About this exercise
The answer must be an exact transcription of the lines below from the first through the one containing "スカーフやシューズなどの小物", with the pictures left out; please add nothing else.

Available data
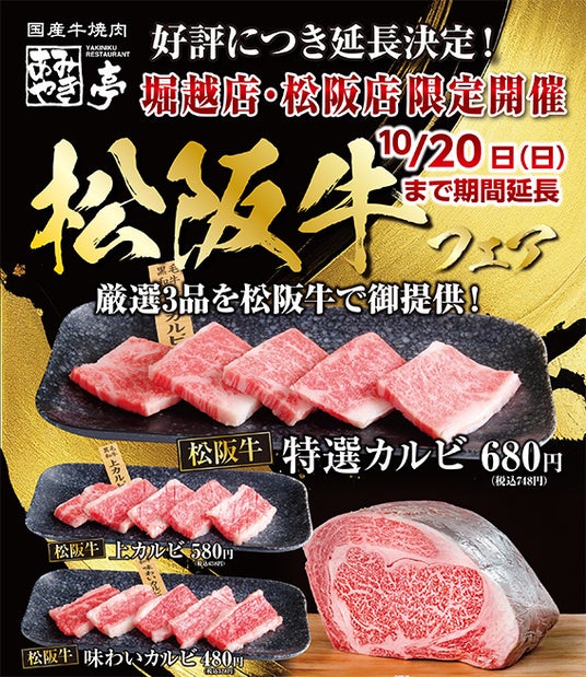 あみやき亭堀越店・松阪店 限定イベントとして開催している【松阪牛フェア】を
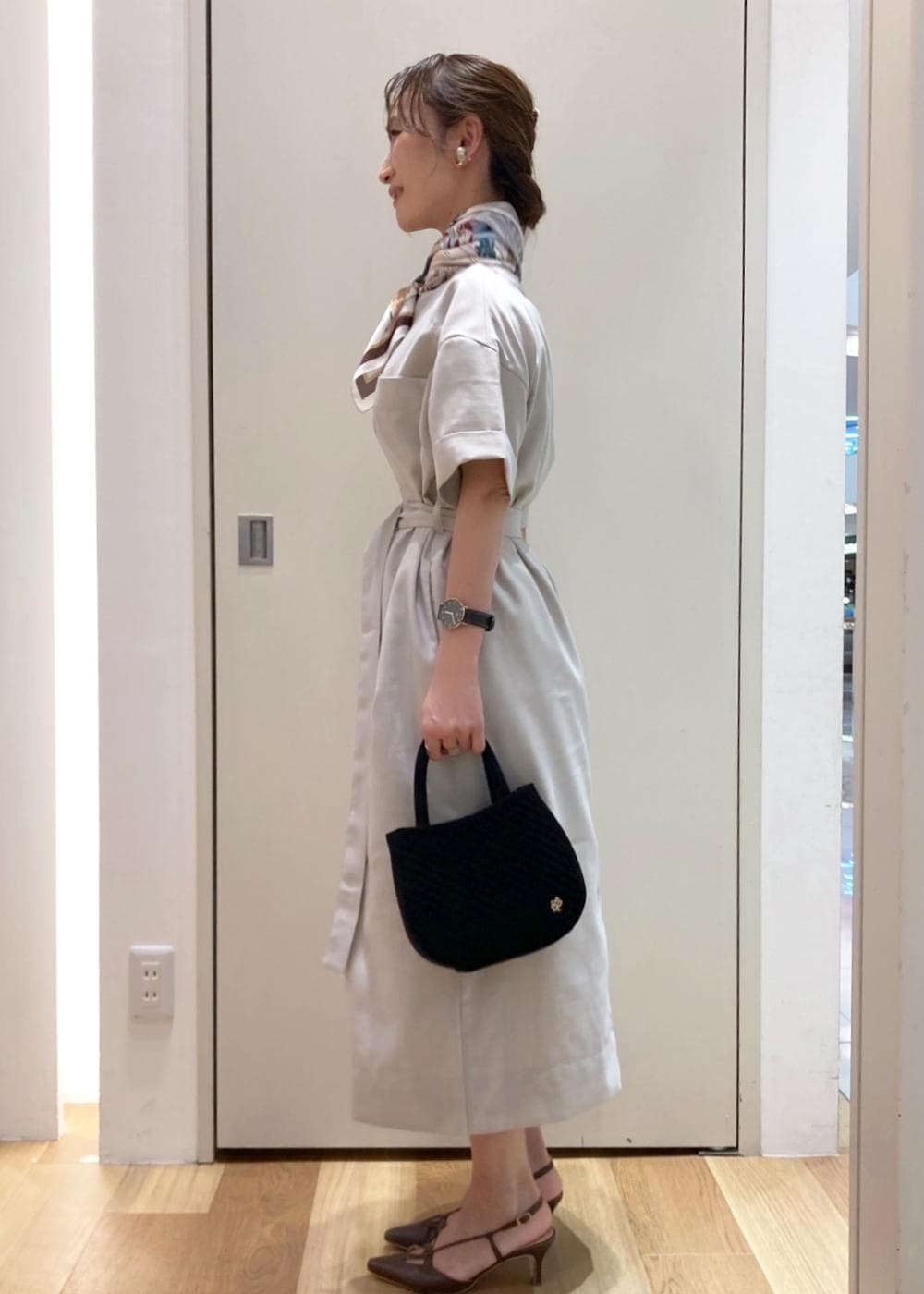 スカーフやシューズなどの小物は明度の低い同系色でまとめると引き締まって見えるのでおすすめです。
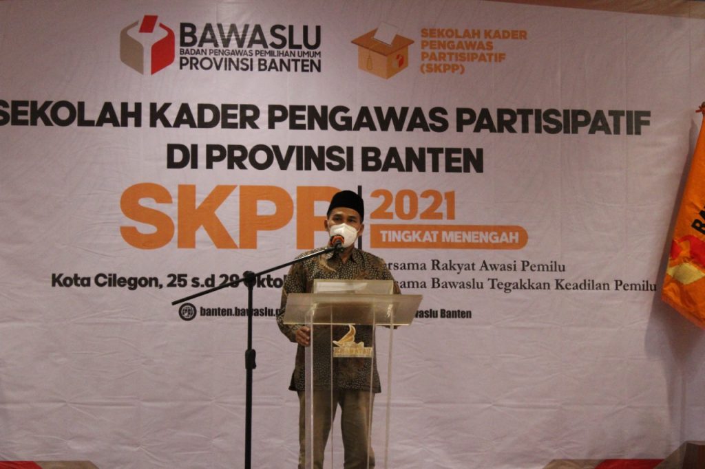 Cilegon, Badan Pengawas Pemilihan Umum – Bawaslu Provinsi Banten menggelar kegiatan Sekolah Kader Pengawas Partisipatif (SKPP) tingkat menengah di Hotel Royal Krakatau Cilegon, Senin-Jumat (25-30 Oktober 2021). Kegiatan SKPP tingkat menengah ini merupakan kelanjutan dari kegiatan SKPP tingkat dasar yang sebelumnya diselenggarakan di 2 titik Provinsi Banten, yaitu titik Kota Serang yang terdiri dari peserta perwakilan Bawaslu Kota Serang, Bawaslu Kabupaten Serang, Bawaslu Kota Cilegon, Bawaslu Kabupaten Pandeglang, serta Bawaslu Kabupaten Lebak dan titik Kota Tangerang yang terdiri dari peserta perwakilan Bawaslu Kota Tangerang,Bawaslu Kota Tangerang Selatan, dan Bawaslu Kabupaten Tangerang. Kegiatan yang berlangsung selama lima hari ini dibuka oleh Ketua Bawaslu Provinsi Banten Didih M. Sudi dan Anggota Bawaslu Provinsi Banten Nuryati Solapari.
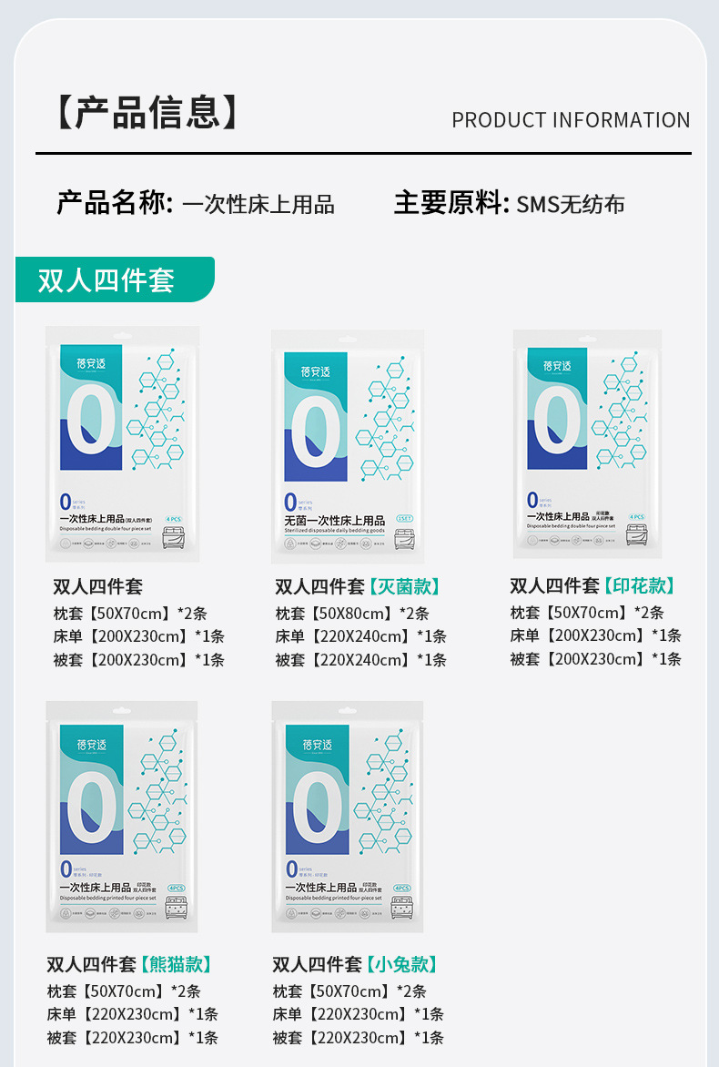 使い捨てベッドシーツ,使い捨て掛け布団カバー,使い捨て枕カバー,使い捨てダブル4点セット,使い捨て1人用3点セット,スリーピーススリーピングセット,使い捨てダブル4点セット漫画スタイル,使い捨てシングル3点セット プリントスタイル,使い捨てダブル4点セット 抗菌スタイル,使い捨て1人用3点セット 抗菌モデル

Result of the task
 あみやき亭堀越店・松阪店 限定イベントとして開催している【松阪牛フェア】を
 スカーフやシューズなどの小物は明度の低い同系色でまとめると引き締まって見えるのでおすすめです。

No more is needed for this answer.